# DATASET RECORDS

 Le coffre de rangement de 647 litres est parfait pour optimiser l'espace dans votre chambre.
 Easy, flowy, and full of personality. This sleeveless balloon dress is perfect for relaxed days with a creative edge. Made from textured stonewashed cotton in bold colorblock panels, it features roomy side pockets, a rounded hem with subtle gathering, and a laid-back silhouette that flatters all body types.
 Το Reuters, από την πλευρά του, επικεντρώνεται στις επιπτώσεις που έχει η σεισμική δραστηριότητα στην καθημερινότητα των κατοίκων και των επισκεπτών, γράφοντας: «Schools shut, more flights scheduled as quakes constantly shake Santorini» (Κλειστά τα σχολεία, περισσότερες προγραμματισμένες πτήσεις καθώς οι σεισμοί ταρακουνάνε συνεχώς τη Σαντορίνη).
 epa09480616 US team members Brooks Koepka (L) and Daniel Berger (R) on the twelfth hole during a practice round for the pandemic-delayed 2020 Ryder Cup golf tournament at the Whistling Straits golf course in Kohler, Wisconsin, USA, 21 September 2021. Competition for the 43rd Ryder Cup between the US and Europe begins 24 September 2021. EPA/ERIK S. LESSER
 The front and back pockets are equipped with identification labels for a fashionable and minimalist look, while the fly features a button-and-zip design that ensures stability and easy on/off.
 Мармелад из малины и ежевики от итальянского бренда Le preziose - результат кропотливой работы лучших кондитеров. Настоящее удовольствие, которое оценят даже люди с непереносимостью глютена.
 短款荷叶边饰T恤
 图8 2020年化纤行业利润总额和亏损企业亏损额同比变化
* * *
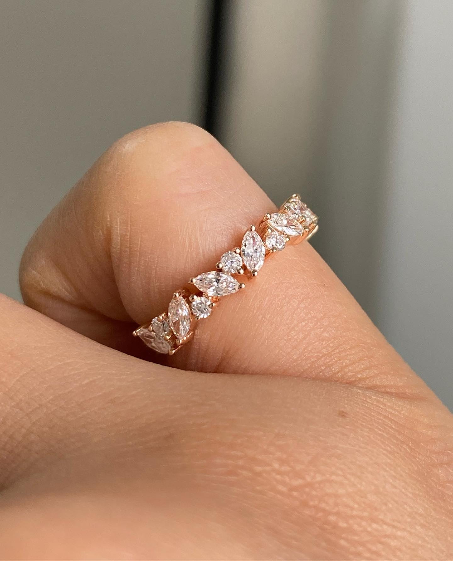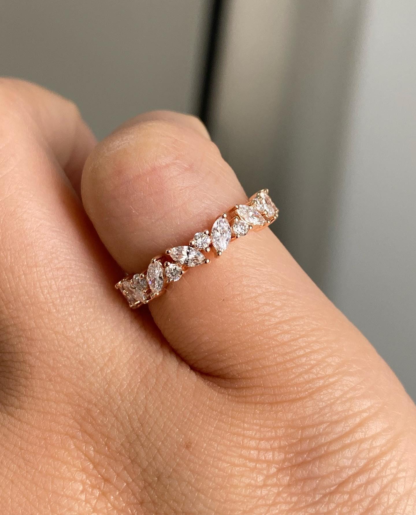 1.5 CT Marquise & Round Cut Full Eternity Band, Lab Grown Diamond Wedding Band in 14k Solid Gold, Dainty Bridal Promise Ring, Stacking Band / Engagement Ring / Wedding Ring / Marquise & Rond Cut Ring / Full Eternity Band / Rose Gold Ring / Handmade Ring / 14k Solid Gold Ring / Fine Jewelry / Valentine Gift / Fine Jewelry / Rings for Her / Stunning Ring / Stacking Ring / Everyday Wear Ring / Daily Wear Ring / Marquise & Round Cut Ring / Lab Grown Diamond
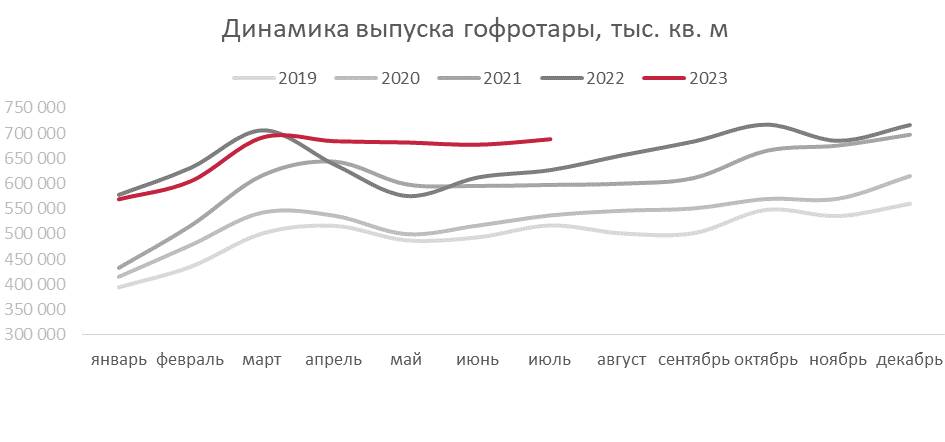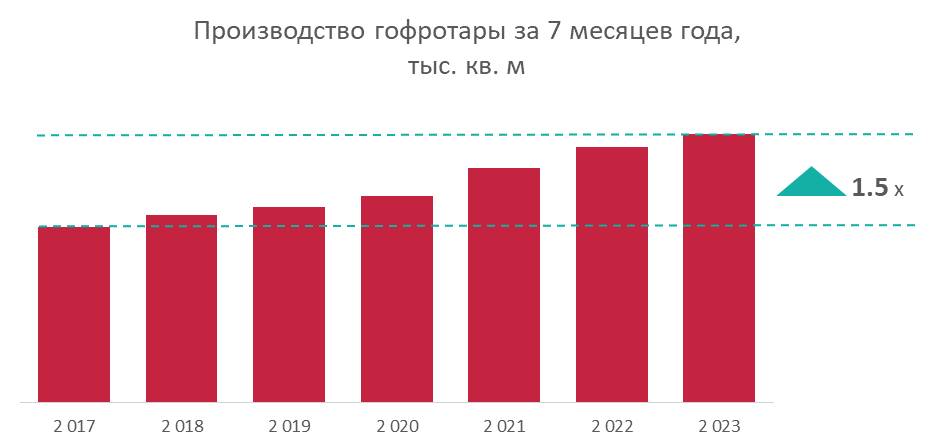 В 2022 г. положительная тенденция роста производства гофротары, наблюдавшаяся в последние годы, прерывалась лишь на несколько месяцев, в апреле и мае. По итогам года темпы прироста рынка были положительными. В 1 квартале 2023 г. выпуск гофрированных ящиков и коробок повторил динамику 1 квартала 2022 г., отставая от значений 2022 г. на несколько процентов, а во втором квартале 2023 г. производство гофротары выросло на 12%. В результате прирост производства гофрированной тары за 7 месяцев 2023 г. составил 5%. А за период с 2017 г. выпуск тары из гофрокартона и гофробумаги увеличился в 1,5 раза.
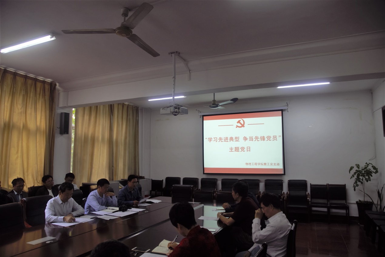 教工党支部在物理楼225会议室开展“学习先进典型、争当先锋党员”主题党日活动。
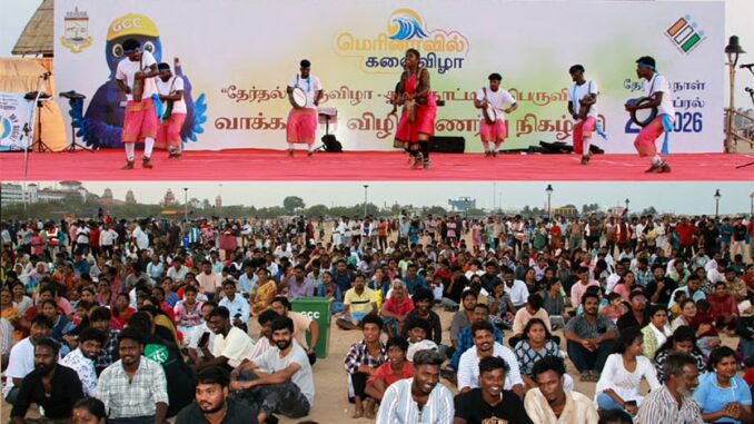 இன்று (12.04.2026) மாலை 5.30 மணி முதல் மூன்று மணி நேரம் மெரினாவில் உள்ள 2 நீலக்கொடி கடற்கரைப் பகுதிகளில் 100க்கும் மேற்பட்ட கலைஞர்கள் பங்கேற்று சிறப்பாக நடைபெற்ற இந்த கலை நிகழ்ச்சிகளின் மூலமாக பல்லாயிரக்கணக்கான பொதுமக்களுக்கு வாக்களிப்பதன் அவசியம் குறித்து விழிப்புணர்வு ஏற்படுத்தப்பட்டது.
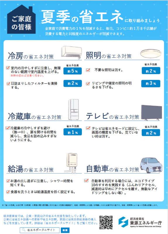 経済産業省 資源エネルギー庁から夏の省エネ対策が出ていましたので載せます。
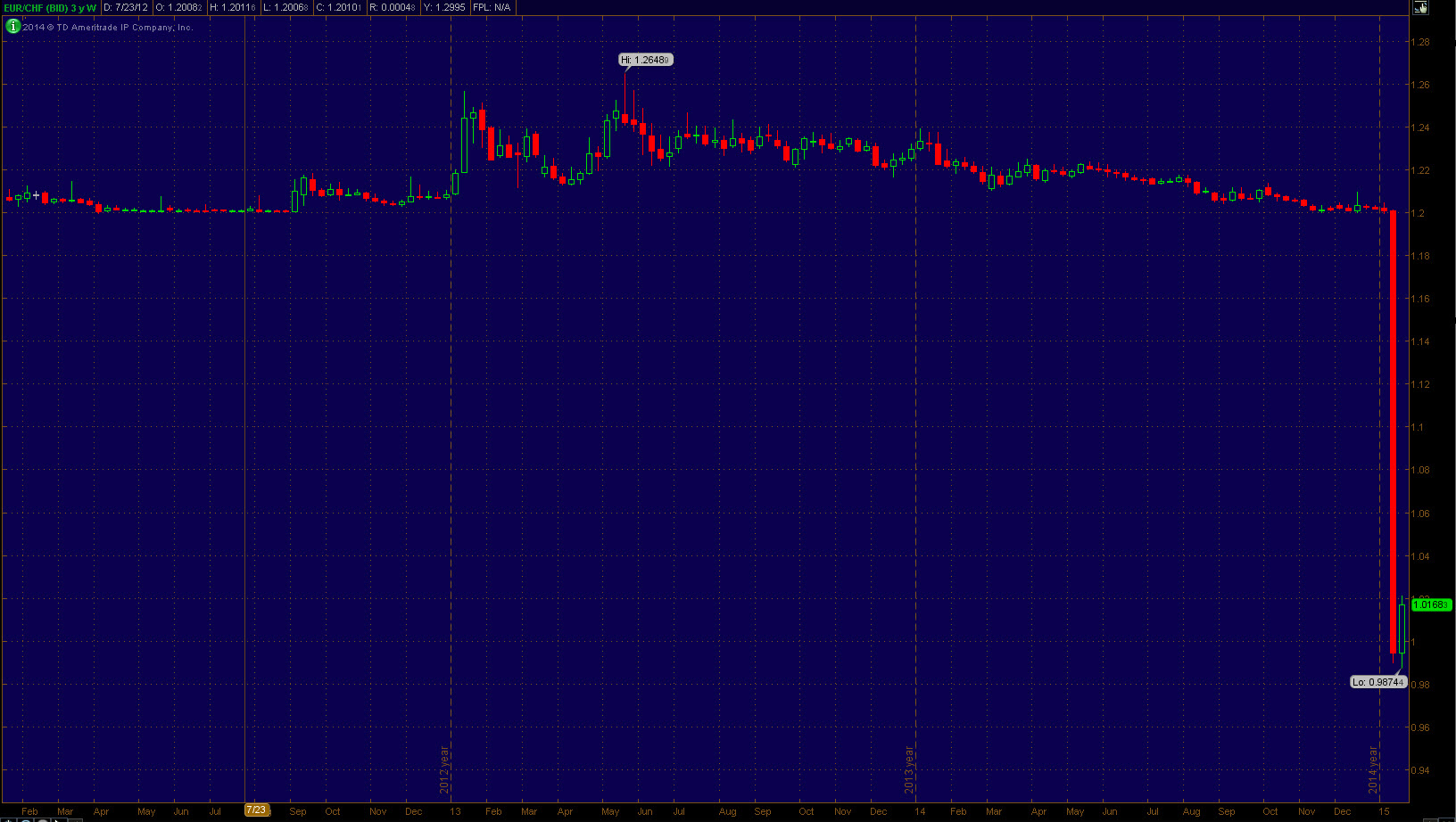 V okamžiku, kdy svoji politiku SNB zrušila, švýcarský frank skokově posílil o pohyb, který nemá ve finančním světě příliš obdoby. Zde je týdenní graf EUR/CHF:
--
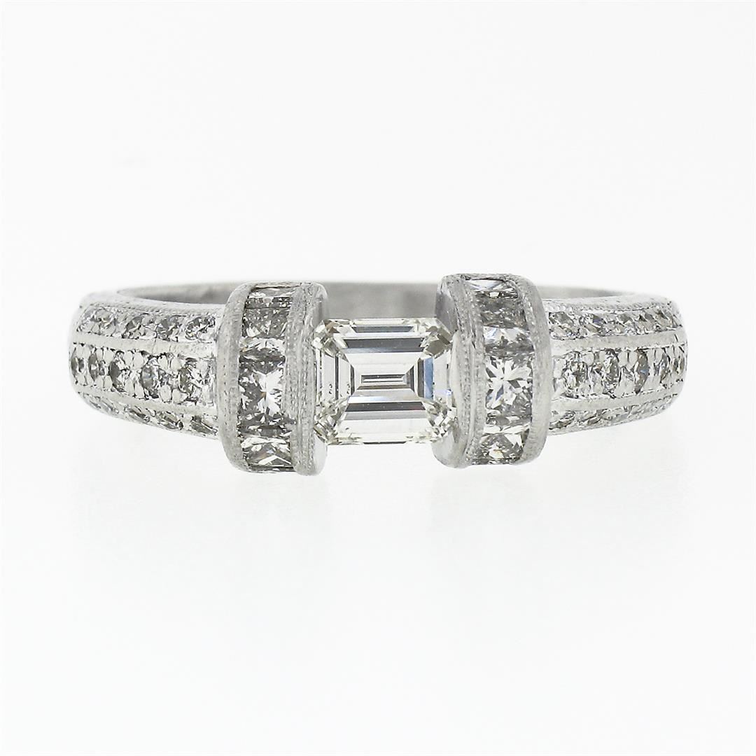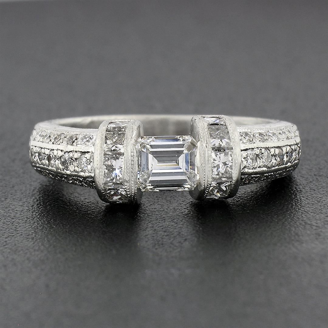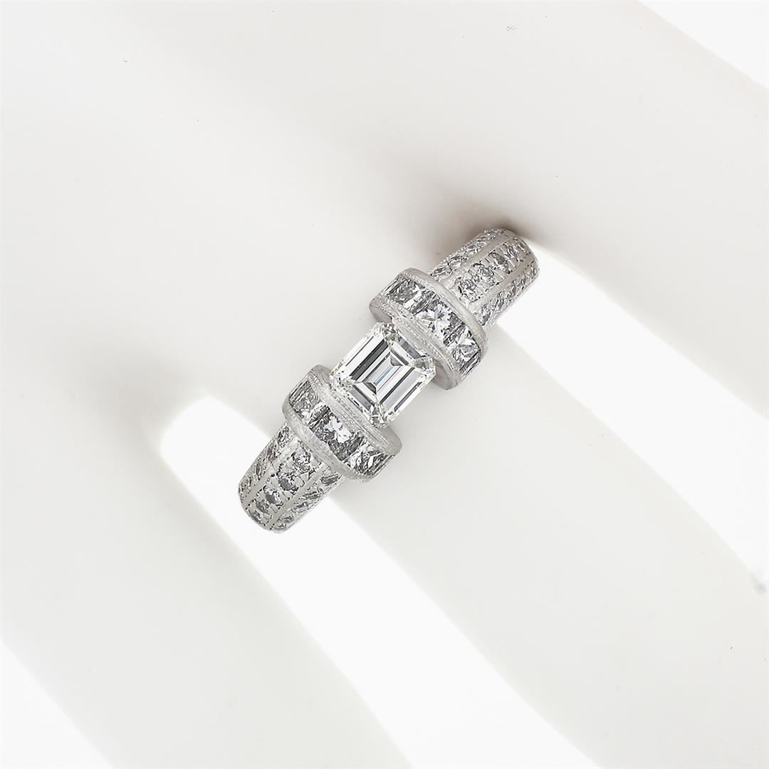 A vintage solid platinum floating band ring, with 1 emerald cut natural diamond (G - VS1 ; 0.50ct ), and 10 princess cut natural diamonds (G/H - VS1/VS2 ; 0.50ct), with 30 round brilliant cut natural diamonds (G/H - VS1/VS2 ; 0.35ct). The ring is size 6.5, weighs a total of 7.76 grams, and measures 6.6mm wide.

# WHAT TO PRODUCE
Search the entries for the word "back", then gather every line that has it.

# TASK RESULT
 Easy, flowy, and full of personality. This sleeveless balloon dress is perfect for relaxed days with a creative edge. Made from textured stonewashed cotton in bold colorblock panels, it features roomy side pockets, a rounded hem with subtle gathering, and a laid-back silhouette that flatters all body types.
 The front and back pockets are equipped with identification labels for a fashionable and minimalist look, while the fly features a button-and-zip design that ensures stability and easy on/off.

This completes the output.